- Era: 2nd century BCE
- Known for: Governor of Coele-Syria under the Seleucid Empire; defection to Demetrius II Nicator; military conflict with Jonathan Maccabeus

= Apollonius Taos =

Governor of Coele-Syria under the Seleucid Empire

Apollonius Taos (Ἀπολλώνιος ὁ Ταῷς) was a governor of Coele-Syria under the Seleucid Empire during the 2nd century BCE.

== Background ==
Apollonius served as governor under Alexander Balas, who ruled the Seleucid Empire from 150 to 142 BCE.

This period was marked by internal strife and external threats, creating instability within the empire. A few years earlier, in 175 B.C., Antiochus IV Epiphanes had set a violent precedent by seizing the throne from his brother, Seleucus IV Philopator, and having him assassinated.

This event initiated a pattern of violent succession crises within the Seleucid dynasty. Rival claimants to the throne often relied on foreign powers and internal factions to assert their claims, further destabilizing the empire until its eventual decline and conquest by the Roman Empire.
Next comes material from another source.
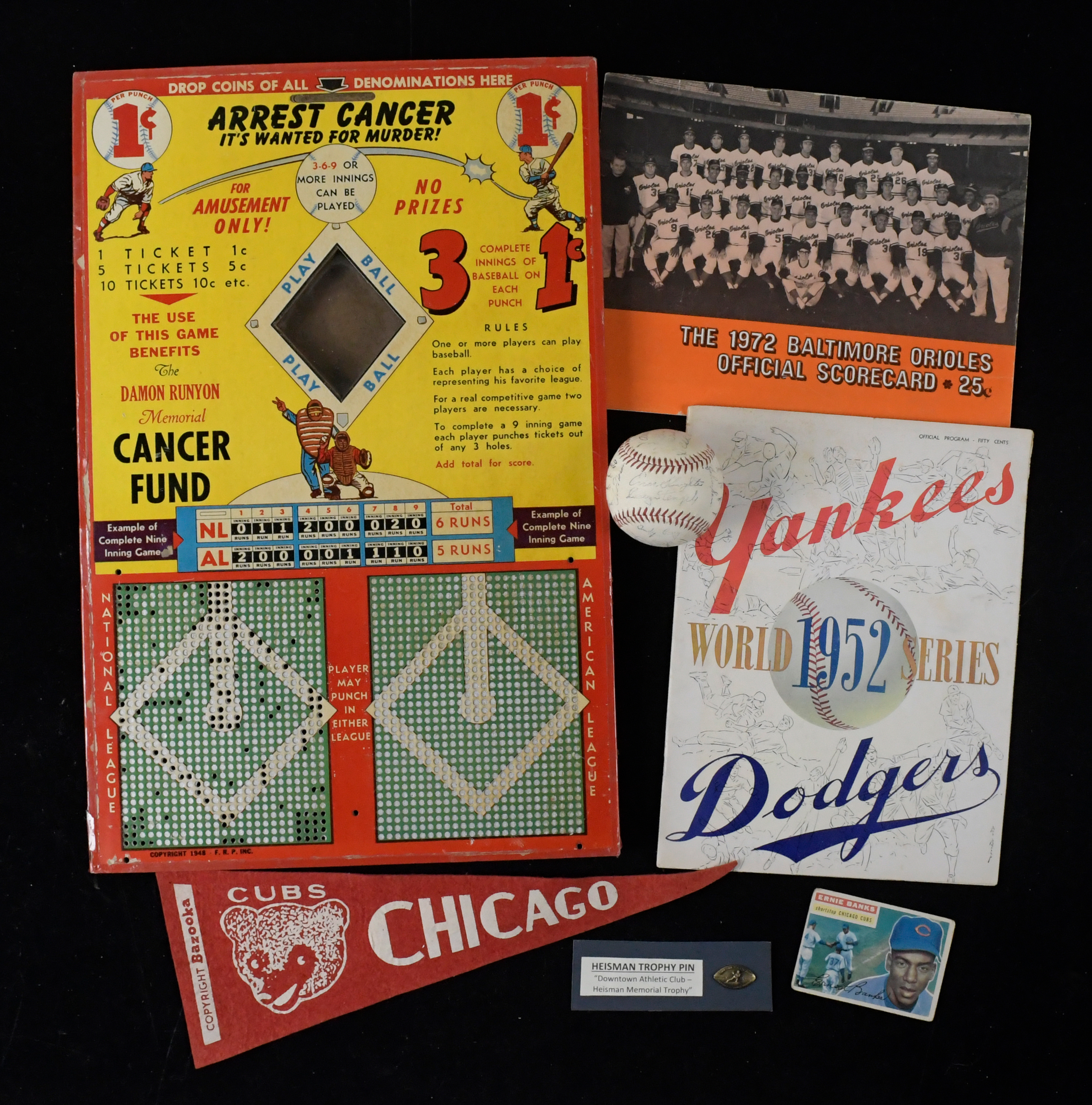 Description:Large lot of mostly baseball related trading cards, souvenirs, and other memorabilia (FR-NM) Lot fills 3 medium tubs/boxes. Includes 1956 Topps Ernie Banks (FR); oversized 13"x20" baseball themed punchboard game done to solicit donations for the Damon Runyon Memorial Cancer Fund (1948 copyright date). Some holes are punched and there is other mild wear; (3) acetate negatives of baseball team photos with notations on the envelope in which the are stored indicating that they show c.1931 small town teams from "Portola & Loyalton" and another; early 1950s Yankees souvenir ball with facsimile signatures; vintage Chicago Cubs 14.25" long Bazooka pennant; Downtown Athletic Club Heisman Trophy lapel pin; 1952 World Series program; several 1970s Orioles scorecards/publications; handful of Babe Ruth commemorative postal covers (modern); group of 1975-76 Topps Hockey cards (incl. Guy Lefleur, Rod Gilbert, Jean Ratelle, and Brad Park); several New Jersey Devils souvenir pins; additional modern trading cards (mixed sports); (2) binders of modern Chicago Cubs cards (with some scorecards/programs mixed in); 1967 Senators yearbook, scorecard from Opening Day, and (2) other 1960s Senators scorecards; a few modern bobble heads; pair of autographed cleats from unknown player; and some additional mostly baseball related souvenirs/trinkets. Varying degrees/types of wear throughout: FR-NM
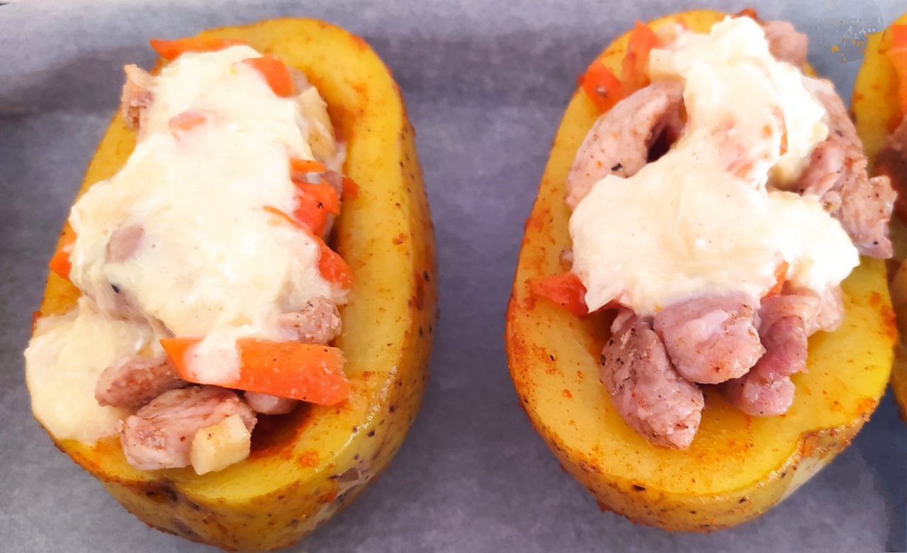 4. Положить фаршированный картофель на противень, застланный пергаментом.

== Defection to Demetrius II ==
In 147 BCE, while Alexander Balas was addressing northern invasions, Apollonius Taos defected to Demetrius II Nicator. This defection was supported by the Hellenized Philistine cities, which aligned with Apollonius against Alexander. Apollonius challenged Jonathan Maccabeus, a Jewish leader and ally of Alexander, to battle, suggesting that the Jews might leave the mountains and venture into the plain.

== Conflict with Jonathan Maccabeus ==
In response, the Maccabean Jonathan Apphus and his brother Simon Thassi led a force of 10,000 men against Apollonius's forces stationed in Jaffa. The city, unprepared for an attack, opened its gates to them out of fear. Apollonius then received reinforcements from Azotus and confronted Jonathan with 3,000 men, relying on his superior cavalry. Despite being outnumbered, Jonathan's forces successfully resisted and ultimately defeated Apollonius's army. Jonathan pursued the fleeing forces to Azotus, capturing and burning the city along with the temple of Dagon. In reward for his victory, Alexander Balas granted Jonathan the city of Ekron with its surrounding territory.